Nilo

A Iniciativa da Bacia do Nilo (NBI em inglês) proclamou 2019 Ano da Bacia do Nilo para celebrar os êxitos e desafios de vinte anos de cooperação na gestão hídrica da região.

Bacia do NiloA Iniciativa foi lançada a 22 de Fevereiro de 1999 para promover o uso equitativo da água do Nilo pelos dez Estados ribeirinhos (Burundi, Egipto, Etiópia, Quénia, República Democrática do Congo, Ruanda, Sudão, Sudão do Sul, Tanzânia e Uganda) mais a Eritreia (observadora), um território de 3,3 milhões de quilómetros quadrados e com mais de 520 milhões de habitantes.

A Iniciativa representa um marco importante no uso partilhado do Nilo. Em 1929, os Ingleses deram ao Egipto o usufruto exclusivo das suas águas. Como dizia o faraó, «os meus Nilos são meus, fui eu quem os fez» (Ezequiel 29, 3). Em 1956, o Sudão independentizou-se do Egipto e dois anos mais tarde os dois governos dividiram entre si o caudal do rio: 66 por cento para o Egipto e 33 por cento para o Sudão. Os países ribeirinhos a montante podiam pescar e pouco mais.
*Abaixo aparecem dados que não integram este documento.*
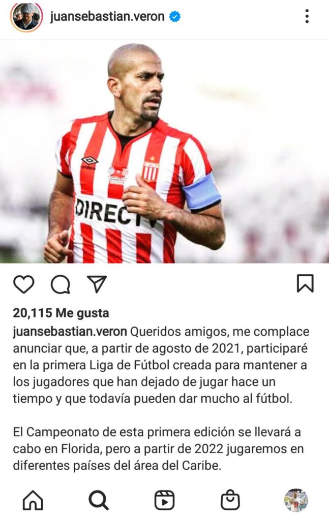La “Brujita”, de 46 años, lo comunicó en su cuenta de Instagram: «queridos amigos, me complace anunciar que, a partir de agosto de 2021, participaré en la primera Liga de Fútbol creada para mantener a los jugadores que han dejado de jugar hace un tiempo y que todavía pueden dar mucho al fútbol”.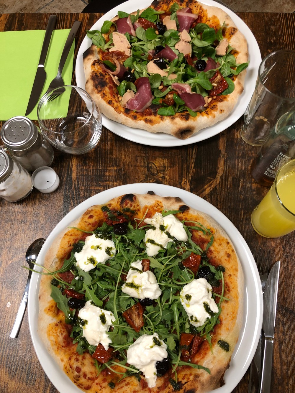 Pâte fine et légère, sauce tomate douce et goûteuse parfaitement assaisonnée, la burrata est crémeuse à souhait et le foie gras et le magret sont d’une superbe qualité et sur la pizza ça marche!

Foi neste contexto que surgiu a Iniciativa da Bacia do Nilo para um uso repartido das suas águas. A organização representa um passo em frente no desfrute das reservas hídricas da bacia por parte de todos os países ribeirinhos, uma partilha fundamental porque a região atravessa grandes transformações sociais, políticas, económicas e ambientais e precisa de mais comida, energia e água. A Etiópia tinha pouco mais de 66 milhões de habitantes na viragem do século; hoje, conta mais de 109 milhões.

A Iniciativa permite ao Uganda montar uma grande estação de tratamento de água para abastecer Campala, a capital, a partir do lago Vitória e à Etiópia construir a megabarragem Grande Renascença para produção de electricidade.

A área é muito afectada pelas mudanças climáticas. El Niño, o fenómeno meteorológico com origem no Pacífico tropical, provoca secas cíclicas seguidas de inundações cada vez maiores. Depois, há a praga do jacinto-de-água, que cobre parte do lago Vitória com um manto vegetal, mata a vida subaquática, afasta o turismo e aumenta casos de malária.

O Egipto e o Sudão resistiram ao novo ordenamento regional para a partilha das águas da bacia nilótica evocando precedentes históricos. Mas os recursos comuns têm de ser usados por todos para o desenvolvimento socioeconómico sustentável e pacífico da região.

O Nilo é um rio curioso: aliás, são três rios num! O Nilo Azul vem das montanhas da Etiópia e o Nilo Branco das colinas do Ruanda. Ambos atravessam lagos (o Azul passa pelo Tana e o Branco cruza os lagos Vitória, Kioga e Albert). Juntam-se em Cartum (Sudão) formando o Nilo propriamente dito que desagua em delta no Mediterrâneo junto a Alexandria (Egipto).

Ao todo, do Ruanda ao Mediterrâneo, o Nilo mede 6695 quilómetros. O seu vale é habitado por gente com características físicas, étnicas e linguísticas próprias, os povos nilóticos. Entre as espécies autóctones destaca-se a perca-do-nilo, que chega às nossas mesas vinda sobretudo do lago Vitória. O crocodilo-do-nilo é o rei da espécie.

As nascentes do Nilo foram um mistério desde a Antiguidade. O escocês James Bruce (1730-1794) escreveu um livro a contar a descoberta da nascente do Nilo Azul cerca de cem anos depois de o jesuíta espanhol Pedro Páez o ter feito em 1618. O padre Páez viveu na Etiópia entre 1603 e 1622. O padre Páez viveu na Etiópia entre 1603 e 1622.